None of the messages have
\beta subscripts, even though they depend on f and G which have \beta
subscripts. But f and G don't depend directly on \beta, only on q_\beta.
So it's not clear why these subscripts are propagated only as far as f and
G and no further. I would suggest eliminating them entirely, even from q.
The parameter \beta is simply a global variable, which is just fine.

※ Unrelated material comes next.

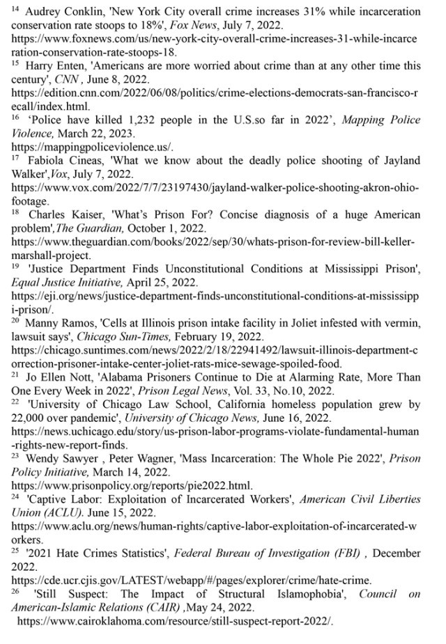 執(zhí)法司法領(lǐng)域種族歧視根深蒂固。聯(lián)合國(guó)消除種族歧視委員會(huì)的結(jié)論性報(bào)告指出,美國(guó)執(zhí)法人員對(duì)有色人種和少數(shù)族裔群體過(guò)度使用暴力并逍遙法外的情況仍然普遍存在;有色人種和少數(shù)族裔在美國(guó)司法系統(tǒng)中被逮捕、監(jiān)禁和長(zhǎng)期虐待的情況突出。(注73)“警察暴力地圖”網(wǎng)站的數(shù)據(jù)顯示,在2013年至2022年的警察殺人事件中,非洲裔被警察殺害的可能性是白人的2.78倍,手無(wú)寸鐵的非洲裔被警察殺害的可能性是手無(wú)寸鐵的白人的1.3倍。在波士頓、明尼阿波利斯和芝加哥,非洲裔被警察殺害的可能性更是白人的20多倍。(注74)美國(guó)國(guó)家公共電臺(tái)2022年9月27日?qǐng)?bào)道,國(guó)家免責(zé)登記處發(fā)布的報(bào)告指出,非洲裔在美國(guó)人口中所占比例不到14%,但在美國(guó)被誤判犯有嚴(yán)重罪行并在至少服完部分刑期后獲釋的所有人中,非洲裔占了53%;美國(guó)非洲裔因三項(xiàng)重大罪行被錯(cuò)誤定罪的可能性是白人的7倍,非洲裔因毒品犯罪被錯(cuò)誤定罪的可能性是其他人的19倍。(注75)美國(guó)國(guó)家學(xué)院出版的《美國(guó)監(jiān)禁的增長(zhǎng):探索原因和后果》一書指出,滲透著種族主義的刑事司法系統(tǒng)“正日益成為一個(gè)更大的污名化和長(zhǎng)期邊緣化系統(tǒng)的主要通道”。(注76)

Before (15) and (16), it will just be necessary to say something like "in
the limit \beta \to \infty, f and G take the following form:".
On
a deeper level, there were other things about the algorithm that I would
like to understand better. What is the significance of the m factor in the
additive noise variance? Does it play a role in applications of matrix
factorization? Does it play a role in the approximation used to derive the
algorithm? It seems to be the only thing making the algorithm fail to be
row-column symmetrical, is this true? I think the authors know the answer
to these questions, but do not comment on them.
Other questions:
Is it standard to use a tilde to denote column vectors? I didn't
understand this at first.
Just curious - why is N capitalized, but
m lowercase?
In section 5, I would like a citation after VBMF-MA
to indicate the primary reference guiding the implementation of this
competing algorithm. There are two citations for variational matrix
factorization appearing earlier in the paper, and it is not clear which is
intended (or if it is both).
In the supplementary material: For
equation 5, I think it would be clearer to write a product of exponentials
for the two terms involving $z$, to make it more obvious that one is the
pdf. For section 2, I had trouble with the step from equation 14 to 15,
regarding big-O of $m$ terms. I am not sure if I just need to think
harder, but this is where I got stuck.
Also in the supplementary
material, at the top of page 2 it says "A technique used in ... is to give
an approximate representation of these message in terms of a few number of
real-valued parameters". Without reading these references, I am not sure
how exactly the approximation described below this text relates to what
has been published before. It would be good to clarify the novelty of the
algorithm's derivation in the text itself, and even in the main paper.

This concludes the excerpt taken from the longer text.